Could you repeat the listing exactly, leaving out the pictures?

▶ _Stored data_:

--- START ---

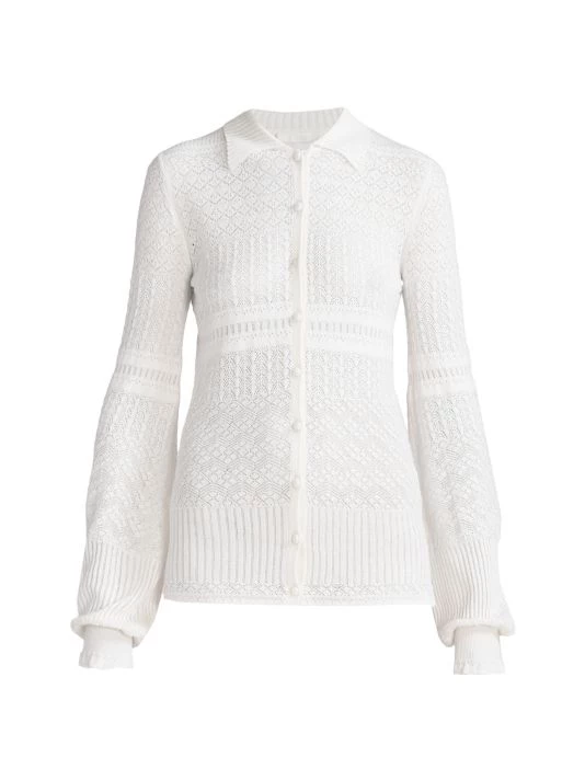 Founded in 1952 by Gaby Aghion, Chloé was established as an alternative to couture, appealing to the empowerment of women. From Creative Director Gabriela Hearst, this collection resonates with the tradition of the French house’s free-spirited identity with flowing fabrics, whimsical patterns, and boho-style designs. This blouse is made of wool blend in a delicate shell knit.
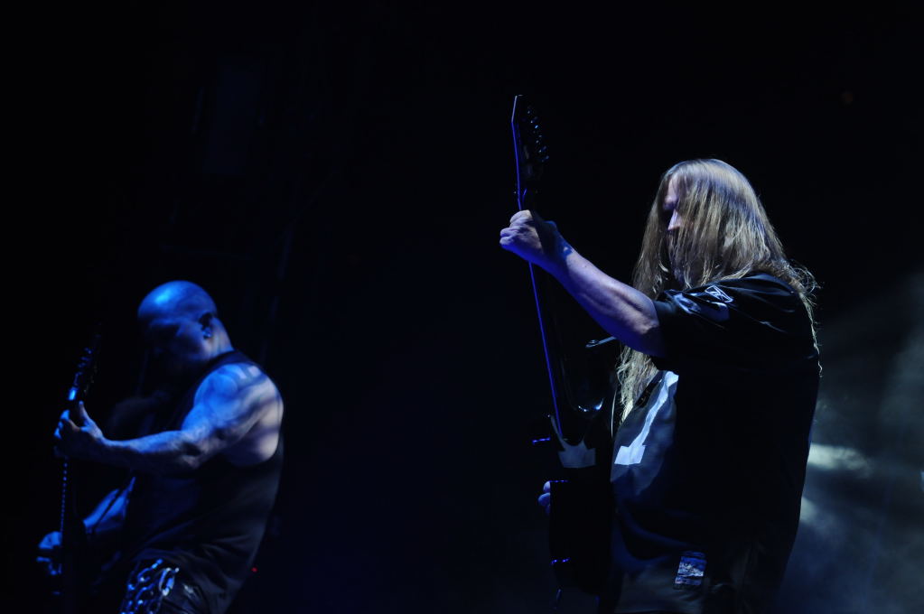 Description: Slayer at AT&T Center, San Antonio, Texas, 09/25/10 Second night of American Carnage Tour North America, second leg - photo by Jeff Barringer staff photographer.
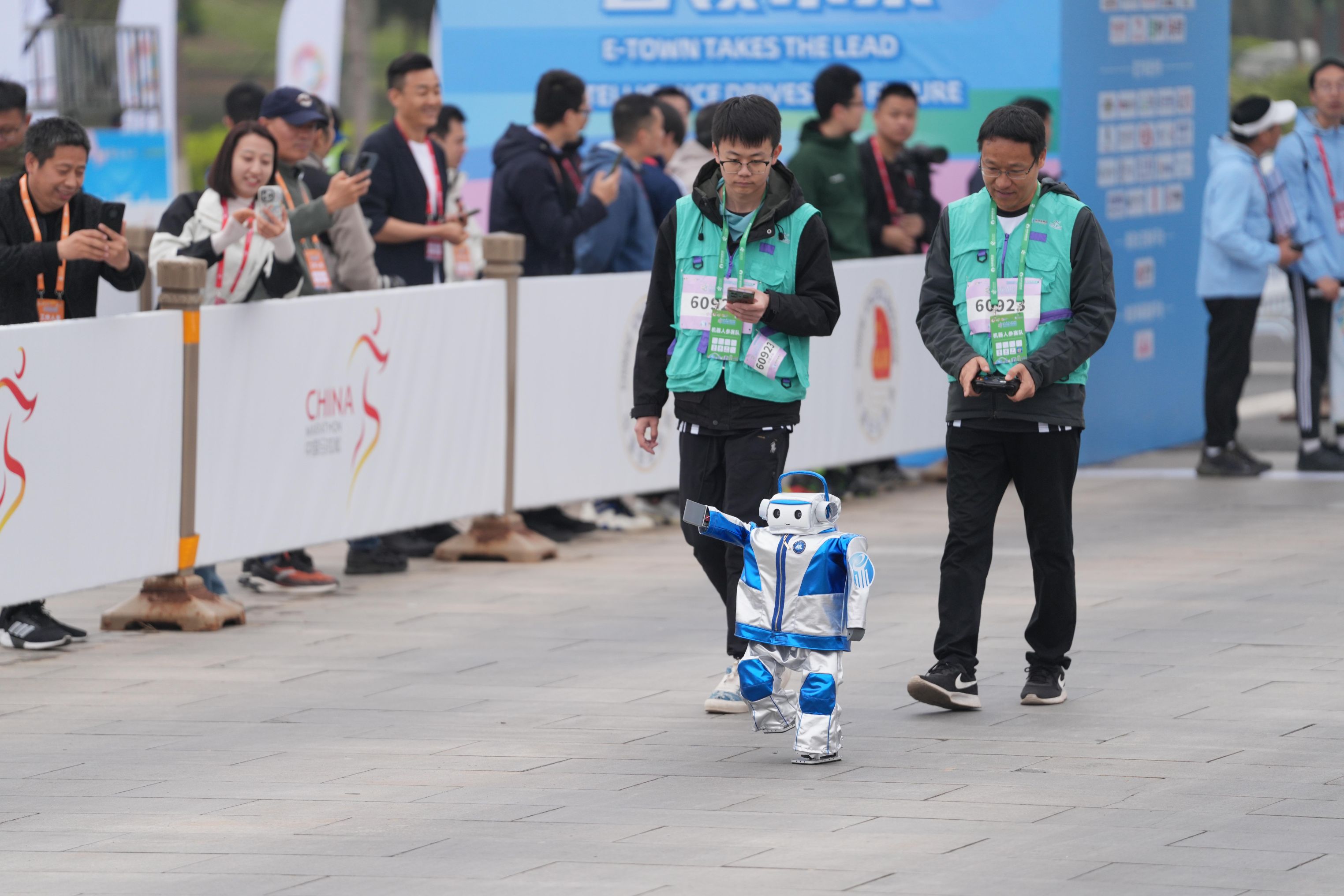 BEAT365英国官网师生在参加全球首个人形机器人半程马拉松比赛。受访单位供图

--- END ---

▶ _Task result_:
 Founded in 1952 by Gaby Aghion, Chloé was established as an alternative to couture, appealing to the empowerment of women. From Creative Director Gabriela Hearst, this collection resonates with the tradition of the French house’s free-spirited identity with flowing fabrics, whimsical patterns, and boho-style designs. This blouse is made of wool blend in a delicate shell knit.
 Description: Slayer at AT&T Center, San Antonio, Texas, 09/25/10 Second night of American Carnage Tour North America, second leg - photo by Jeff Barringer staff photographer.
 BEAT365英国官网师生在参加全球首个人形机器人半程马拉松比赛。受访单位供图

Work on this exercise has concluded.